Я, действительно варил бульон долго и много, разливая потом его по небольшим кастрюлькам. Получалось что-то вроде холодца. Часть бульона я и делал холодцом, а часть замораживал. Пластиковой тары сейчас не было, поэтому пришлось закупить металлическую. Потом я брал замороженный бульон и варил на нём всё, что угодно, кроме компота, конечно. Даже рис, или какую другую крупу. Получалось и питательно, и вкусно. А холодец тоже можно было на бульон пустить, при необходимости. Но я любил холодец в будущем, и продолжал любить его и в настоящем.
Долго ехали в машине молча — от улицы Кирова до центра города километров десять — потом я спросил:
— Я вы, Сан Саныч, тренируете противодиверсионные группы?
Некоторое время он не отвечал, потом
— Почему ты так думаешь?
— Я не думаю. Уточняю ту информацию, которая только что появилась у меня в голове. Как и майор Жириков Александр Андреевич?
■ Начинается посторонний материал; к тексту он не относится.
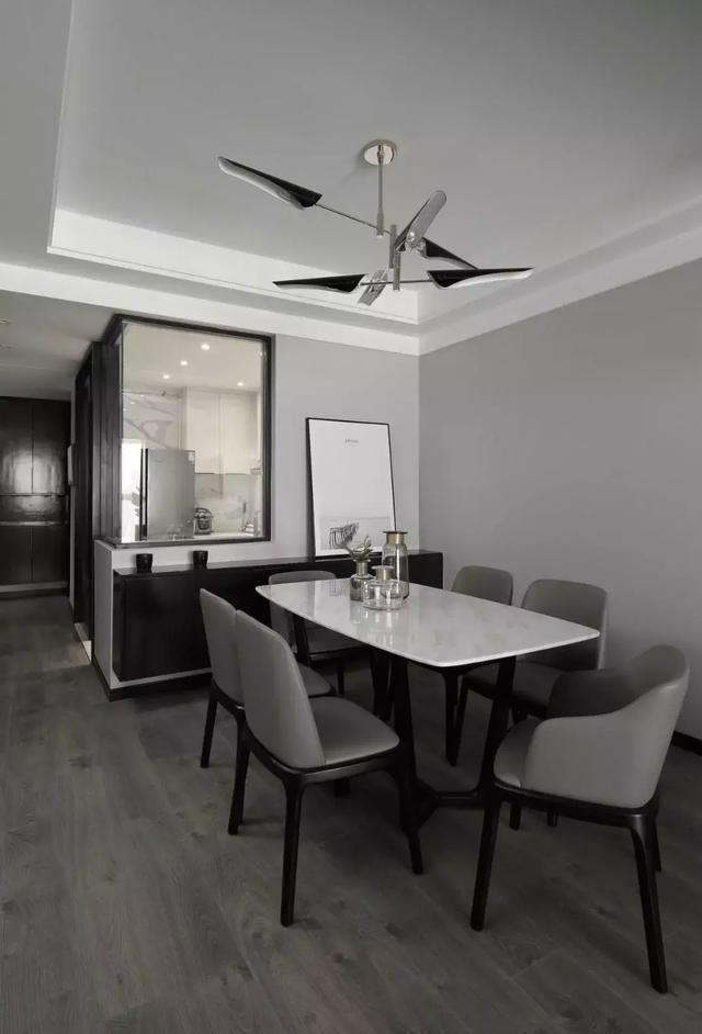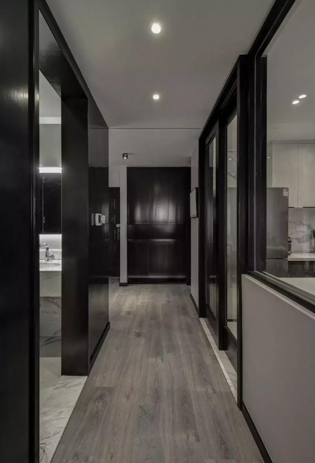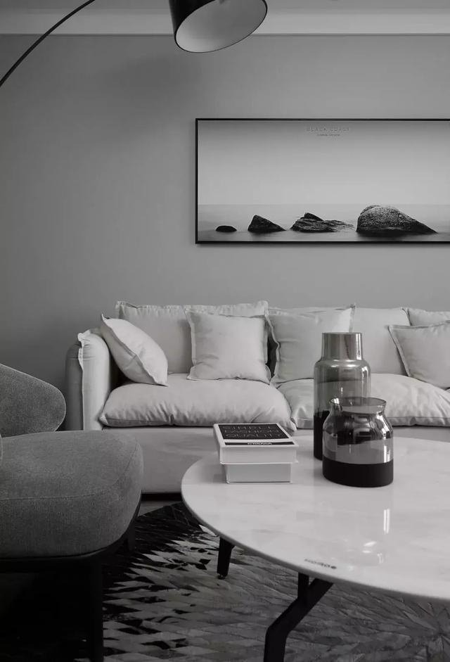 地毯層層疊疊的黑,籠罩著心中的純白,深胡桃木色與高級灰的映襯,清冷干凈。
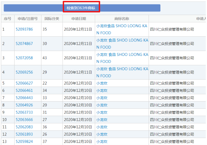 由于小龙坎火锅的日益火爆,短时间内成都有数百家的“小龙坎老火锅店”开始出现。与此同时,我们查到商标局与“小龙坎”相关的商标申请数量也上升到了363个,其中大多数为企业。

Тут Рамзин поперхнулся и закашлялся, а откашлявшись, спросил:
— Так может ты и моё звание угадаешь?
Я мысленно улыбнулся. Про Рамзина я знал почти всё. Интернет, мать его, страшная сила. Да и общих знакомых у нас было очень много.
— Вы сейчас, скорее всего, старший сержант, потому что у вас высшего образования нет. А на пенсию уйдёте милицейским капитаном. В тысяча девятьсот девяносто первом году.
Рамзин снова нервно покашлял.
— Почему милицейским? Снова объединят, что ли, ведомства?
— Милицейским, потому, что вас отправят под крышу краевого управления внутренних дел, в командировку. Для тренировки антитеррористических групп, координации и взаимодействия. А военное и гэбэшное звание у вас будет майор. Милицейская должность не позволит.
— Понятно, — хмыкнул Рамзин. — Ты как прорицательница Ванга, что в Болгарии живёт. К ней, говорят, паломники со всего мира едут.
Я покрутил головой.
— Не-е-е… Я про людей не знаю. О каждом судить или предсказать будущее не могу. Я в общем…
— Так я же тоже, вроде, «люди», — усмехнулся Рамзин. — Про меня же знаешь.
— Нас, видимо, жизнь связала, поэтому я о вас будущее узнал. И с Жириковым… Вы — каратисты, а мне этот спорт интересен. Вы в девяносто первом уедете в Японию карате изучать.
— Уйду на пенсию и уеду в Японию? С такой формой допуска? Кто же меня выпустит?
Я скривился.
— Что-то меня терзают смутные сомнения, что после девяносто первого года за границу будут свободно выпускать и с «особо важной» формой допуска к государственным тайнам.
— С чего бы это? — усмехнулся Рамзин, наверняка мысленно прикинув, что если то что я сказал — правда, значит его отправят за кордон «работать».
— А развалится Советский Союз! — сказал я небрежно. — И контора ваша развалится. ЦРушники по коридорам комитета будут ходить как по своим пенатам и указания будут давать тем, кто останется. Большинство офицеров уволятся, останутся немногие. Кто-то реально перейдёт на службу к потенциальному противнику, кто-то заляжет на дно в качестве «спящего» патриота, кто-то… Да там много чего будет. Такой замес, что мне и не разобраться в той каше, что булькотит в моей голове.
Я замолчал, считая, что «мавр сделал своё дело» и может поспать, и задремал.
— Приехали, — услышал я спокойный голос Рамзина.
Открыв глаза и оглядевшись, я тяжело вздохнул.
— Борщечка не покушаем? — спросил я с сожалением. — Сразу в казематы?
— Вылазь-вылазь, тётушка Ванга, — с усмешкой проговорил Рамзин. — Тут тебя и покормят и напоят…
— И спать уложат, — «пошутил я».
— Если надо, то и спать уложат. Тут у нас всё есть.
— Ну да, ну да… — вздохнул я, выбираясь из «Жигулей».